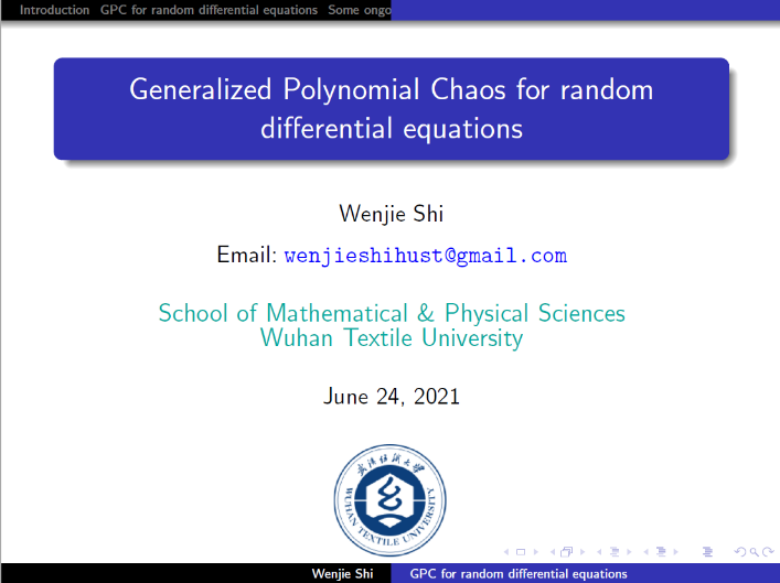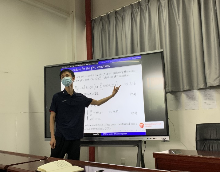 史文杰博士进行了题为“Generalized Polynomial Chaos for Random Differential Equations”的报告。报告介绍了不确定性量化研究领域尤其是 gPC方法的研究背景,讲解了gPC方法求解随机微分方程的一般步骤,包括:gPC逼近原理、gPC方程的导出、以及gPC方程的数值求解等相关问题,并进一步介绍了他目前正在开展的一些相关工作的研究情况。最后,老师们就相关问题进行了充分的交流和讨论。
┄┄┄┄┄┄
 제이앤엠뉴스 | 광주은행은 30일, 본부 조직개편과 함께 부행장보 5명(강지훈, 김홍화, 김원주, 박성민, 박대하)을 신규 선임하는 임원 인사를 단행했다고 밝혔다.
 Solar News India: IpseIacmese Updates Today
┄┄┄┄┄┄
* [Task instructions]:
Above this instruction are the records; retype exactly the lines from the one containing "제이앤엠뉴스 | 광주은행은" up to and including the one containing "Solar News India: IpseIacmese Updates Today".

* [Answer to this task]:
 제이앤엠뉴스 | 광주은행은 30일, 본부 조직개편과 함께 부행장보 5명(강지훈, 김홍화, 김원주, 박성민, 박대하)을 신규 선임하는 임원 인사를 단행했다고 밝혔다.
 Solar News India: IpseIacmese Updates Today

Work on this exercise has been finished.